Echoing statements from other businesses in the area, the Westfield mall and its owner, Unibail-Rodamco-Westfield, said that the closure “underscores the deteriorating situation in Downtown San Francisco."
Less than a month ago, a nearby Whole Foods abruptly shuttered, citing employee safety concerns. The Whole Foods had made regular emergency calls since it opened in March 2022 for a mix of medical crises, assaults and other incidents; in September of last year, a man fatally overdosed in a bathroom at the grocery store.
Last week, a Walgreens store next to Westfield mall was the scene of a fatal shooting after a private security guard allegedly shot a shoplifter.
The bustling intersections near the mall’s entrances are hotspots for police activity, according to dispatch data. There were 586 calls for law enforcement service to Stevenson and Fifth streets in 2023 through May 1, data shows. That made it the 21st-most-dispatched-to intersection out of the over 6,150 intersections in San Francisco; the neighboring Market and Powell streets intersection ranked 38th, with 362 calls during that period.
So far this year, police have responded to 74 reports of petty thefts, 54 fights and 30 grand thefts in the area. In a statement, the Mayor’s Office said that the city has stationed two police officers within the mall and assigned a sergeant to be a point person for security at the mall, in addition to deploying retired police officers and safety ambassadors in the area.
The manager of a restaurant in the mall, who didn’t want to be named because she wasn’t authorized to speak to press, was dismayed about the Nordstrom closure and said many of her customers come to get a bite to eat after shopping there.
"This is a big loss to our business also," she said. "This is big news."
The restaurant has had its mall location open for only about five months, but the manager said the business had already experienced alarming incidents along with concerns about high rent. She described one incident where a homeless man grabbed one of her serving utensils and flung hot curry at the business owner.
"If I [hadn’t] run, he [would have burned] my body," the manager said. The man went on to burn another person with hot soup, she said, but the security guard was reluctant to apprehend the man.
"'If I touch the guy, maybe my company will fire me," the business owner recalled the man saying.
A local who gave the name Carl J. said he has been shopping at the store since he was a child. He was shopping for his own family on Tuesday when the news broke of Nordstrom’s closure.
"Now that they're closing Nordstrom, I mean, what are we gonna do?" Carl said. "Just online shop?"
The Standard has tracked at least 20 other retailers in the broader Union Square shopping district that have shuttered since 2020 or announced plans to close.

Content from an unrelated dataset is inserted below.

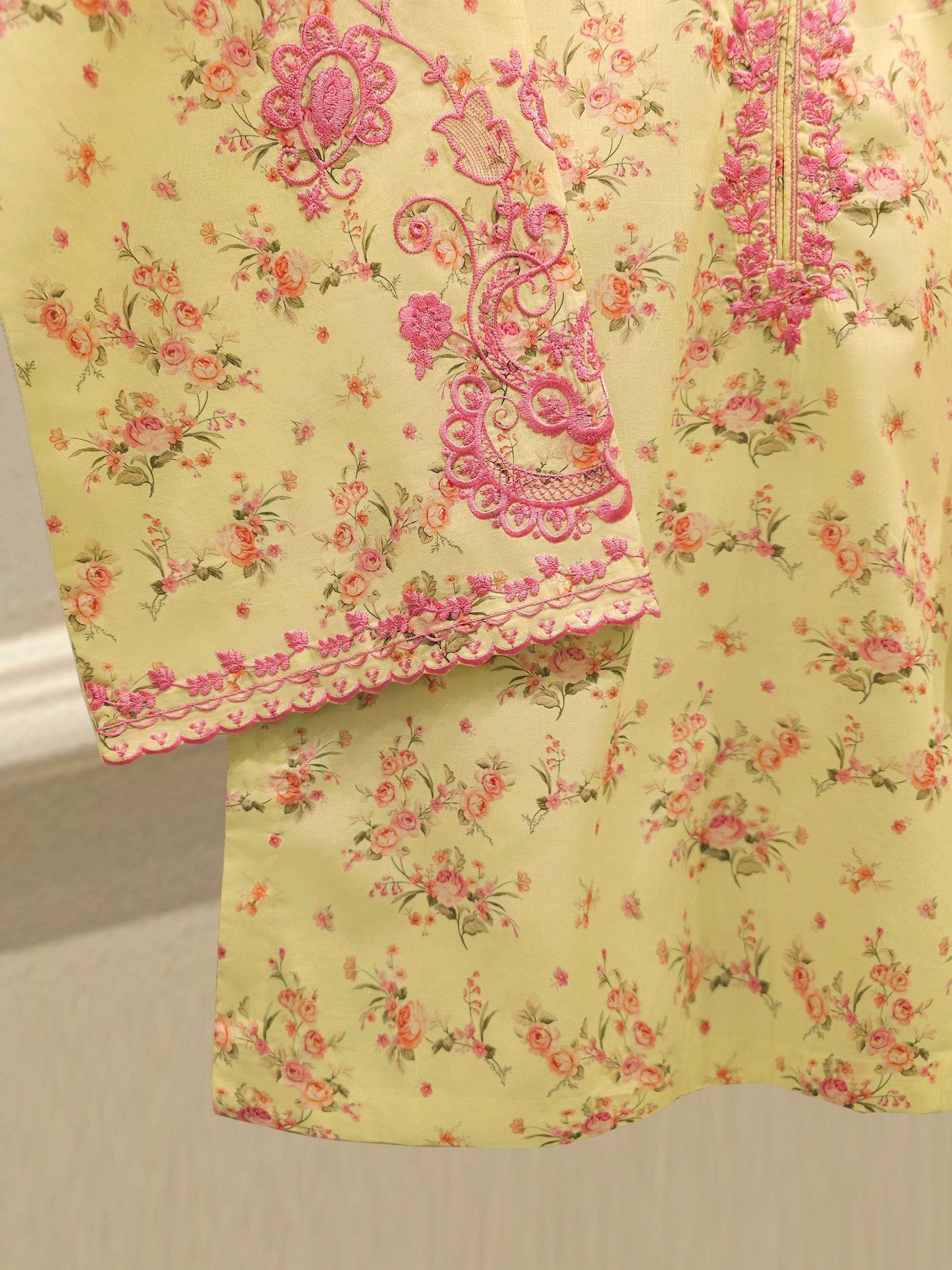 Elevate your summer wardrobe with this beautifully crafted yellow cambric shirt, featuring intricate Chikan Kari work on the sleeves and daman. Designed for timeless elegance, this piece blends breathable lawn fabric with traditional craftsmanship, perfect for festive occasions or casual sophistication.

And for locals and visitors to the area, the closure of Nordstrom adds another unusually large vacancy to the struggling neighborhood.
A Los Angeles Times story written to mark the Westfield mall’s opening in 1988 called the neighborhood "a seedy torn-up corner three rugged blocks from San Francisco’s acknowledged retail center, tony Union Square."
But locals welcomed Nordstrom as a savior, a magnet that could lure visitors to Downtown San Francisco.
“If anybody can turn Market Street around, I think it would be a combination of Nordstrom and this property," broker Ward P. Lindenmayer told the paper. The $67 million investment was—as Nordstrom Co-Chairman Jim Nordstrom said at the time—the department store chain’s "biggest gamble."
After 35 years in the city, it appears as if the company has decided to take its chips off the table.